(Dataset items)
*** Block opens ***
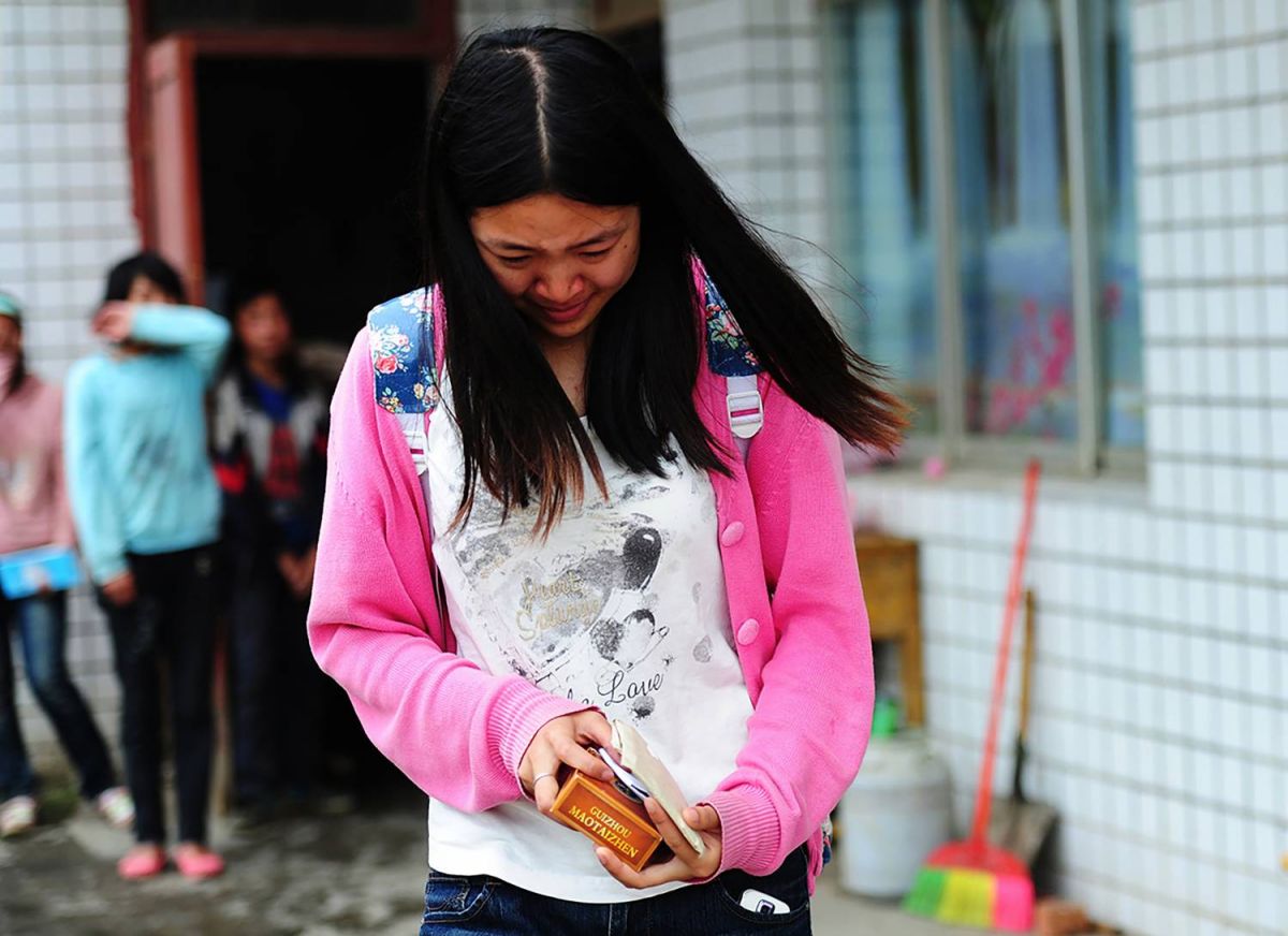 2012 年 7 月 7 日,贵州省毕节市百里杜鹃管理区大水乡,箐山本禹希望小学支教志愿者刘小庆与孩子们含泪离别。
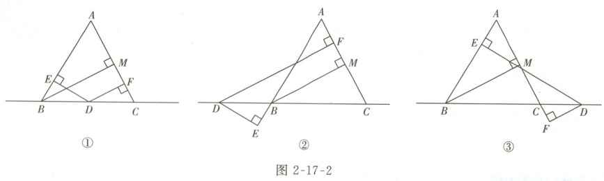 02 如图 2 - 17 - 2,已知在△ABC 中,AB = AC,BM⊥AC 于点 M,点 D 在直线 BC 上,DE⊥AB,垂足为 E,DF⊥AC,垂足为 F.
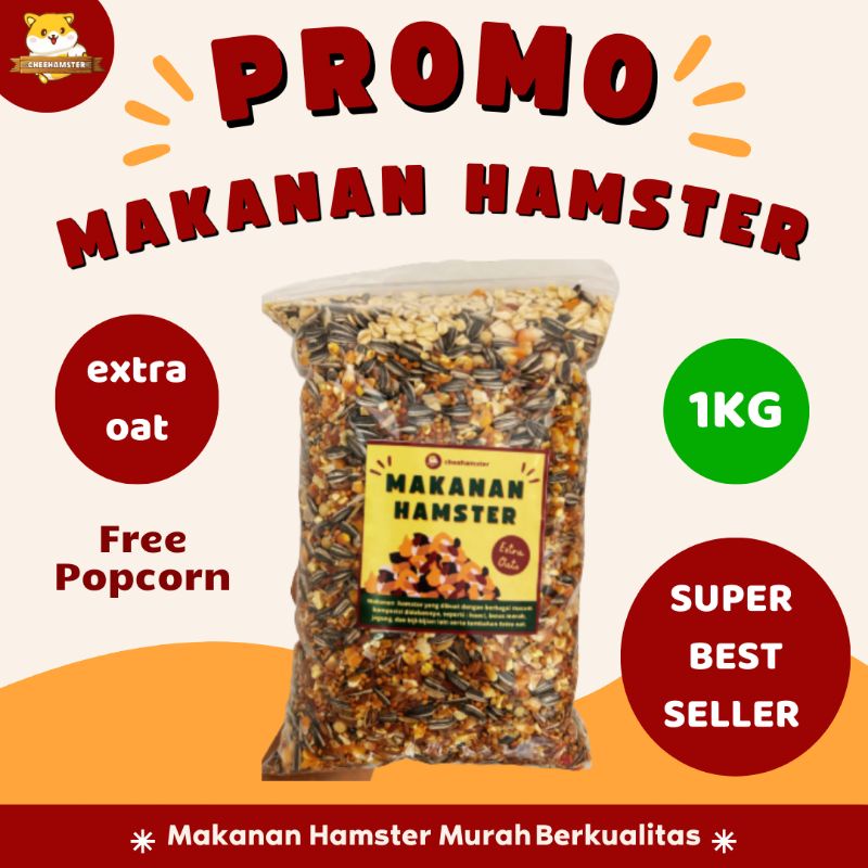 Makanan Hamster 1kg Extra Oat + Omega 3 | FREE POPCORN | tanpa pelet
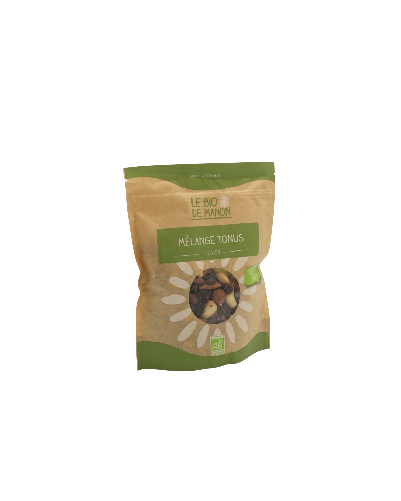 Notre Mélange Tonus est 100 % bio, préparé sans additifs ni conservateurs, pour un plaisir aussi sain que gourmand !
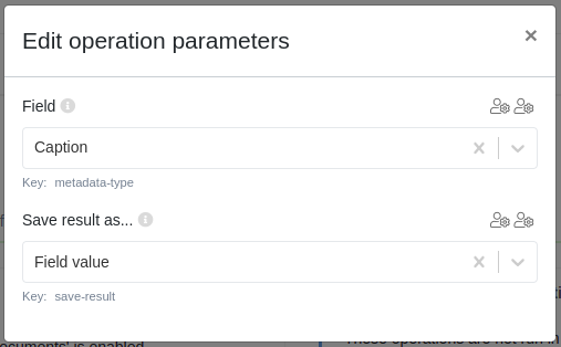 - Value of a document field. If we select this one, we must indicate the field in which this text will be placed, in the "Field" parameter of the operation.
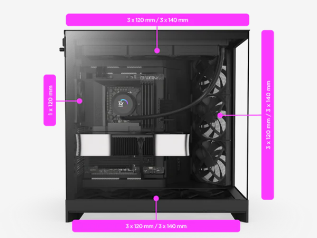 10-Fan Cooling Fits up to nine 140 mm fans and one 120 mm rear fan. | Large Radiator Support Holds up to 420 mm radiators on the top and front-right panels for versatile cooling. |
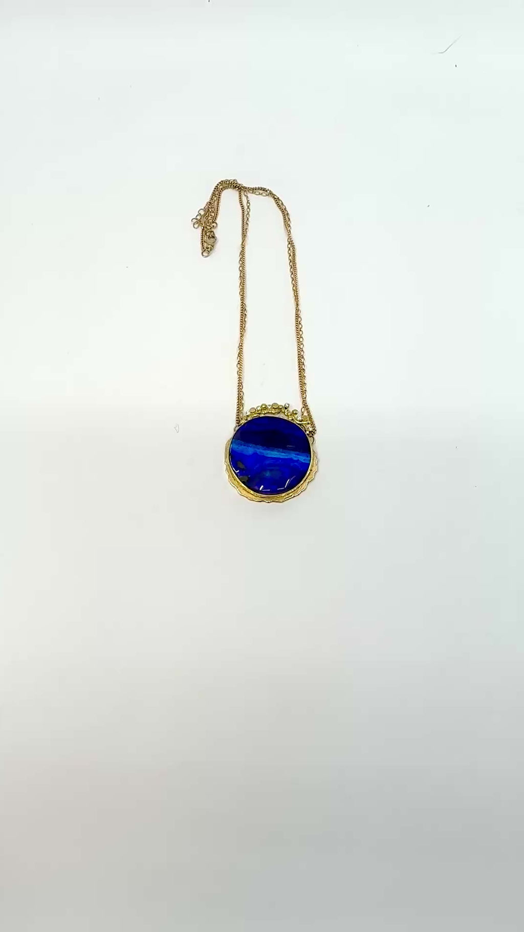 Embrace nocturnal elegance with the "Skinny Dipping" boulder opal necklace. This captivating piece showcases a vibrant boulder opal—hand-selected for its luminous play of color—complemented by sparkling diamonds set in a refined blend of 22k, 18k, and 14k gold. The interplay of precious metals creates depth and sophistication, while the opal's natural beauty evokes the freedom and joy of a moonlit escape. A wearable celebration of fine craftsmanship and artistic vision, this necklace transforms any ensemble into something extraordinary.
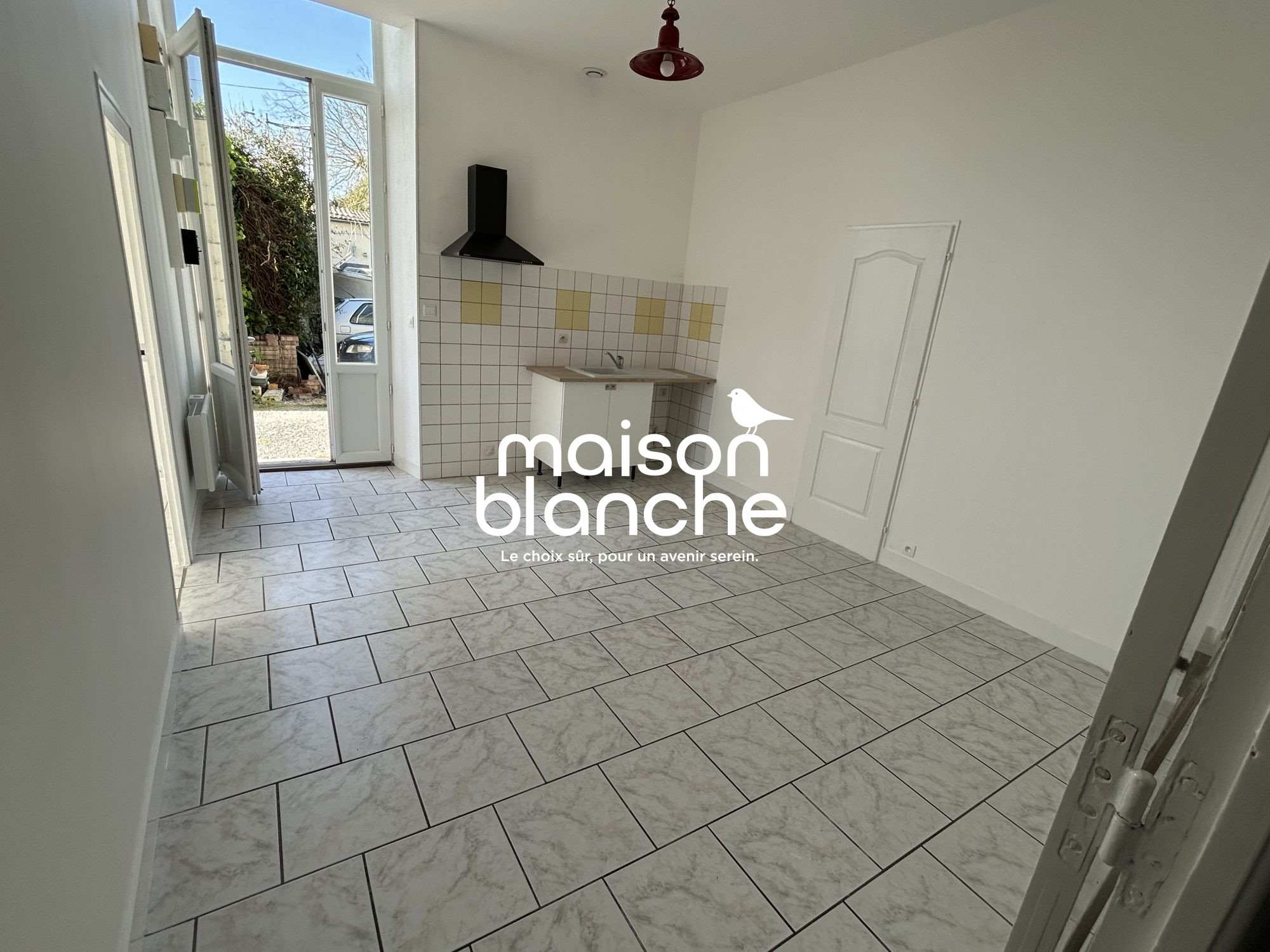 ...18M2 comprenant une entrée, un coin cuisine aménagée et équipée (plaque/hotte/frigo) ouverte sur...
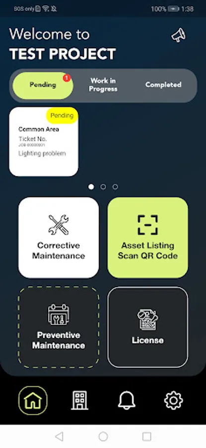 Facility management system that includes submission of corrective and preventive maintenance tickets and asset management.
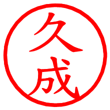 [朱肉の色]を選び、入力窓に“久成”と入力して[生成]ボタンを押すと、印影が更新され、リンクから電子印鑑(デジタル印影)がダウンロードできます。 電子印鑑「久成」の作り方文字表示が変なときや、文字バランスが悪いときは[字形切替]のチェックボックスでON/OFFを切り替え[生成]しなおしてください。 生成される画像は通常の印影「久成.png」と、にじみを表現した少し太めの印影「久成B.png」の背面透過PNG形式2種と、鮮明なPDF形式の印影「久成.pdf」の計3種類です。 朱肉の微妙な色の違いを7色で表現しました。デフォルト(左端)は、JISが定めた朱肉の色のマンセル値(7.5R 5/14)をRGB値(217,66,54)に変換したものになっています。 「電子透かし」にチェックを入れて[生成]ボタンを押すと、タイムスタンプを電子透かしとして埋め込んだセキュアな電子印鑑が作れます。詳細は別ページの「タイムスタンプと電子透かし」でご覧ください。 久成さんの日付印が作れます。「日付スタンプメーカー」は、社内向けの書類に利用されることの多い日付印(データ印)が無料で作れるWebアプリケーションです。中段に日付が入り、上段と下段は、ともに8文字まで文字が入ります。 ![]() 古代文字で落款印が作れます。「落款スタンプメーカー」で作品を引き立たせる落款印が作れます。
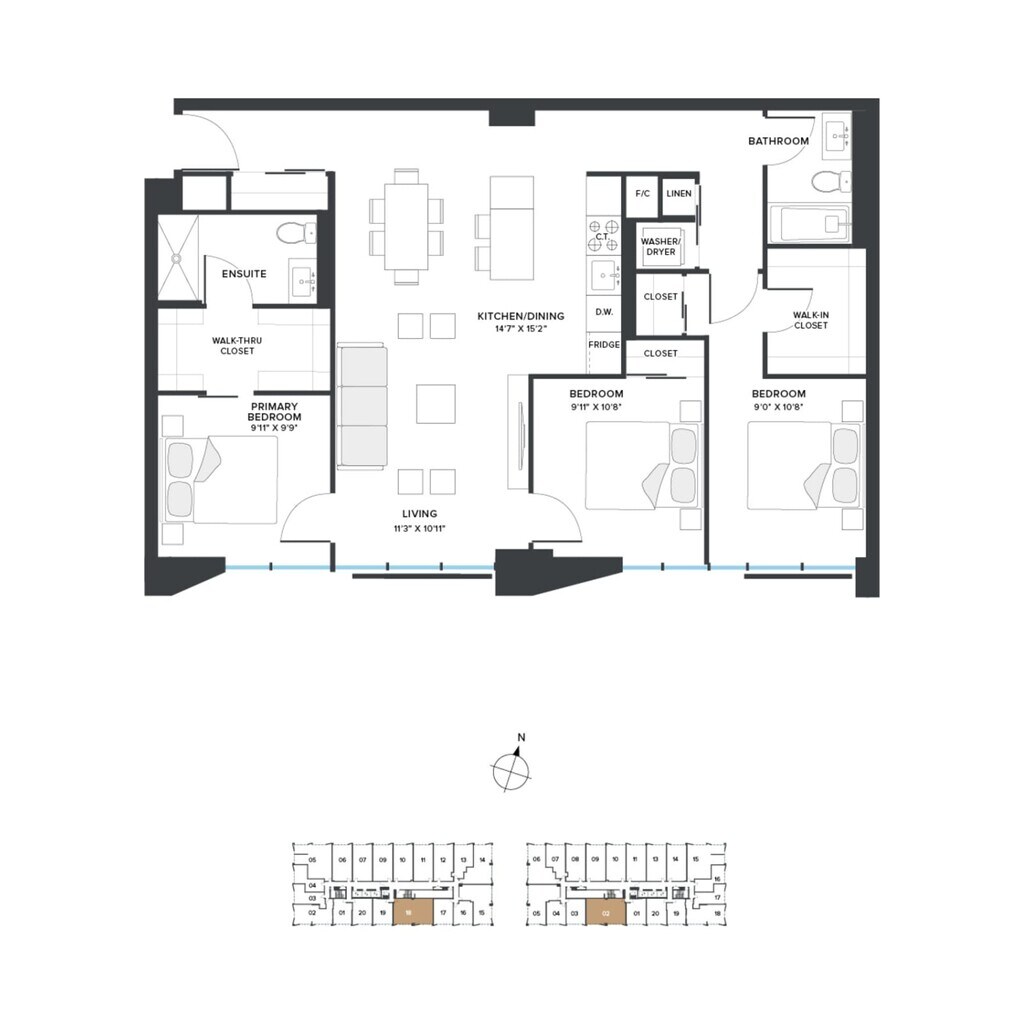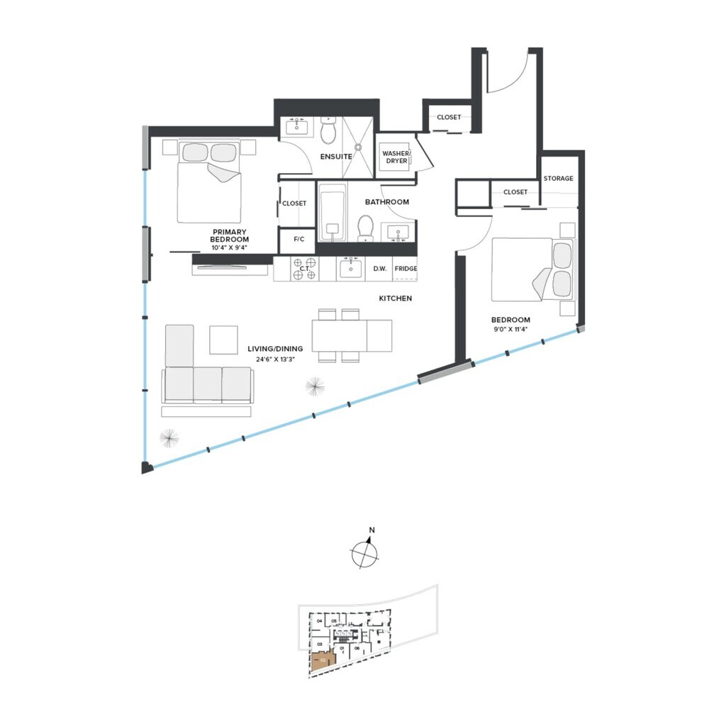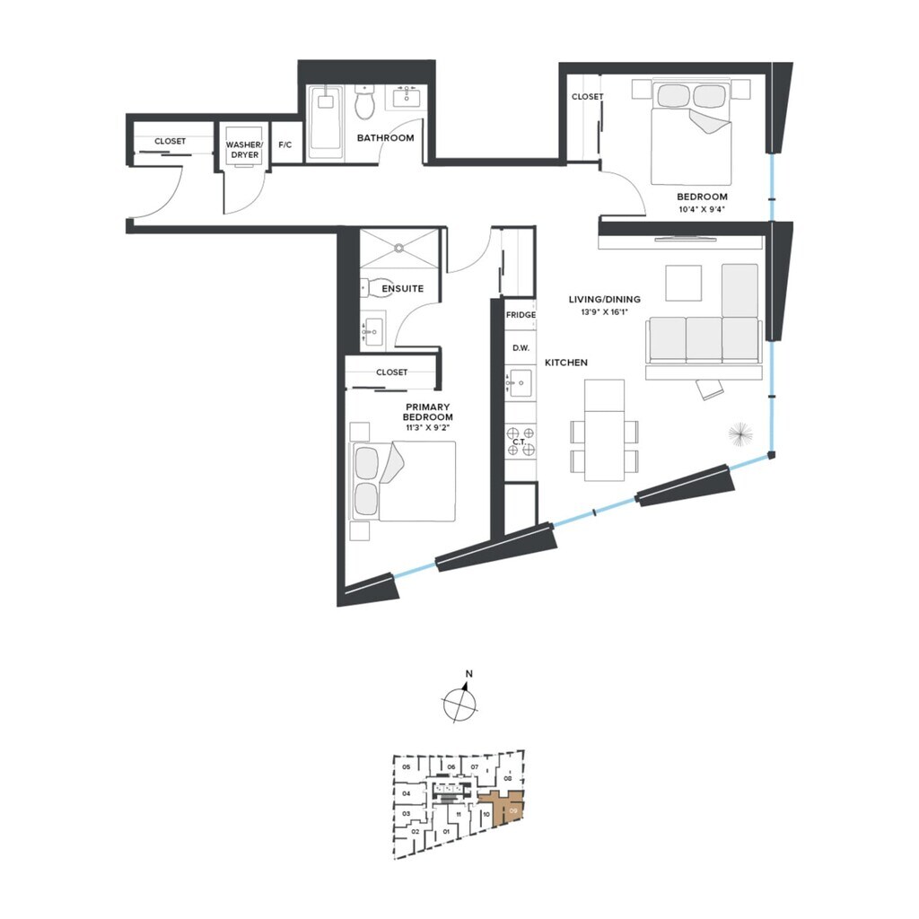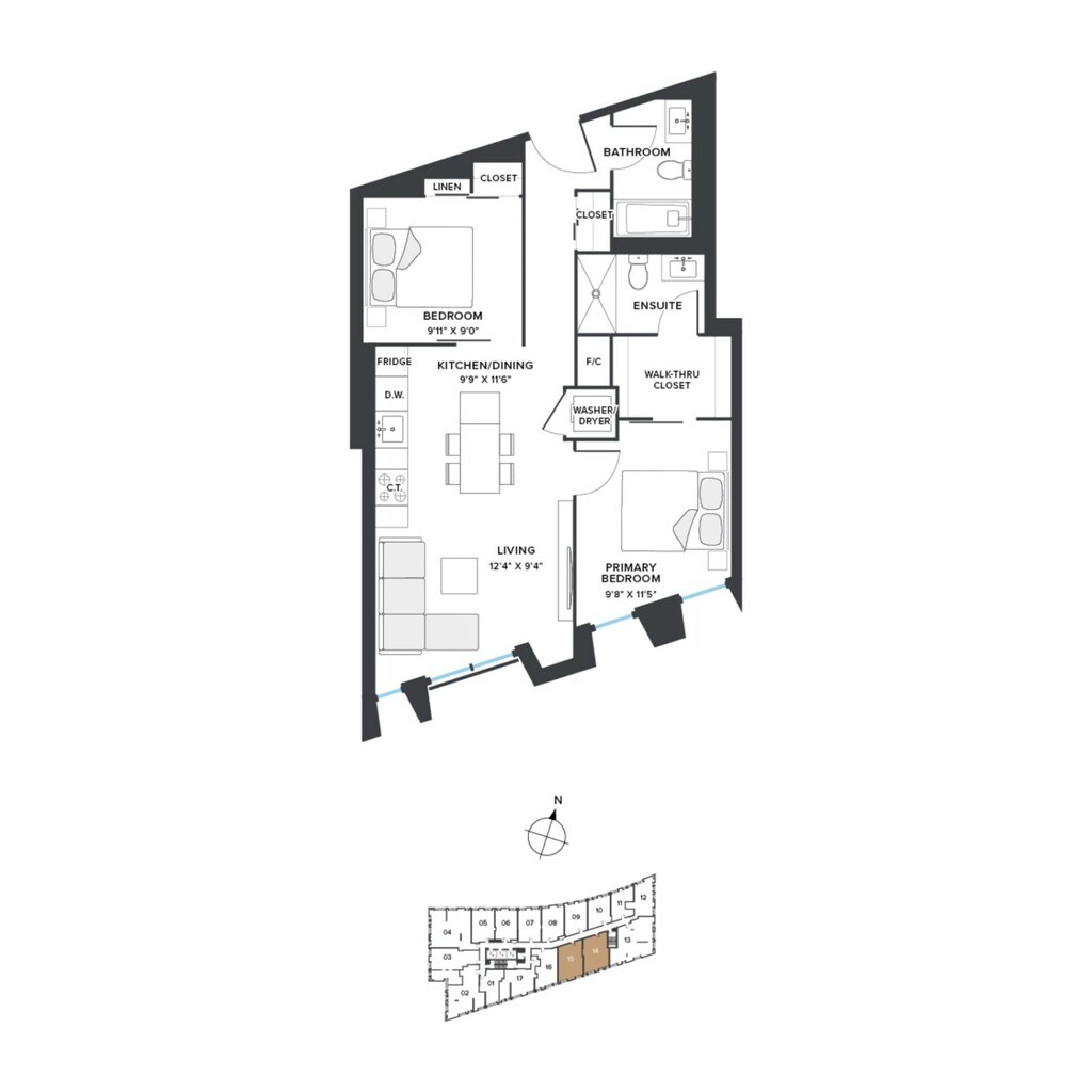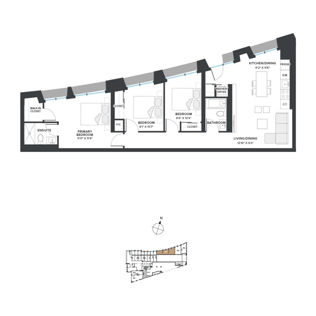 A13 - Floorplan 1 Apartment Unit: E2210Apartment Model: A13From $2,5931 Bedroom, 1 Bath, 556 sq ftAvailable NowFloorplan A22
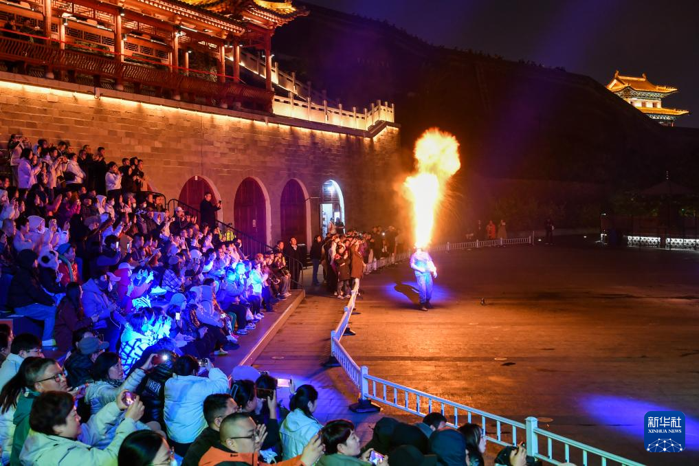 10月25日,游客在忻州古城观看表演。
*** Block closes ***
# [WHAT IS BEING ASKED]
Could you retype every record exactly, leaving the pictures out?

# [ANSWER TO THE PROBLEM]
 2012 年 7 月 7 日,贵州省毕节市百里杜鹃管理区大水乡,箐山本禹希望小学支教志愿者刘小庆与孩子们含泪离别。
 02 如图 2 - 17 - 2,已知在△ABC 中,AB = AC,BM⊥AC 于点 M,点 D 在直线 BC 上,DE⊥AB,垂足为 E,DF⊥AC,垂足为 F.
 Makanan Hamster 1kg Extra Oat + Omega 3 | FREE POPCORN | tanpa pelet
 Notre Mélange Tonus est 100 % bio, préparé sans additifs ni conservateurs, pour un plaisir aussi sain que gourmand !
 - Value of a document field. If we select this one, we must indicate the field in which this text will be placed, in the "Field" parameter of the operation.
 10-Fan Cooling Fits up to nine 140 mm fans and one 120 mm rear fan. | Large Radiator Support Holds up to 420 mm radiators on the top and front-right panels for versatile cooling. |
 Embrace nocturnal elegance with the "Skinny Dipping" boulder opal necklace. This captivating piece showcases a vibrant boulder opal—hand-selected for its luminous play of color—complemented by sparkling diamonds set in a refined blend of 22k, 18k, and 14k gold. The interplay of precious metals creates depth and sophistication, while the opal's natural beauty evokes the freedom and joy of a moonlit escape. A wearable celebration of fine craftsmanship and artistic vision, this necklace transforms any ensemble into something extraordinary.
 ...18M2 comprenant une entrée, un coin cuisine aménagée et équipée (plaque/hotte/frigo) ouverte sur...
 Facility management system that includes submission of corrective and preventive maintenance tickets and asset management.
 [朱肉の色]を選び、入力窓に“久成”と入力して[生成]ボタンを押すと、印影が更新され、リンクから電子印鑑(デジタル印影)がダウンロードできます。 電子印鑑「久成」の作り方文字表示が変なときや、文字バランスが悪いときは[字形切替]のチェックボックスでON/OFFを切り替え[生成]しなおしてください。 生成される画像は通常の印影「久成.png」と、にじみを表現した少し太めの印影「久成B.png」の背面透過PNG形式2種と、鮮明なPDF形式の印影「久成.pdf」の計3種類です。 朱肉の微妙な色の違いを7色で表現しました。デフォルト(左端)は、JISが定めた朱肉の色のマンセル値(7.5R 5/14)をRGB値(217,66,54)に変換したものになっています。 「電子透かし」にチェックを入れて[生成]ボタンを押すと、タイムスタンプを電子透かしとして埋め込んだセキュアな電子印鑑が作れます。詳細は別ページの「タイムスタンプと電子透かし」でご覧ください。 久成さんの日付印が作れます。「日付スタンプメーカー」は、社内向けの書類に利用されることの多い日付印(データ印)が無料で作れるWebアプリケーションです。中段に日付が入り、上段と下段は、ともに8文字まで文字が入ります。 ![]() 古代文字で落款印が作れます。「落款スタンプメーカー」で作品を引き立たせる落款印が作れます。
 A13 - Floorplan 1 Apartment Unit: E2210Apartment Model: A13From $2,5931 Bedroom, 1 Bath, 556 sq ftAvailable NowFloorplan A22
 10月25日,游客在忻州古城观看表演。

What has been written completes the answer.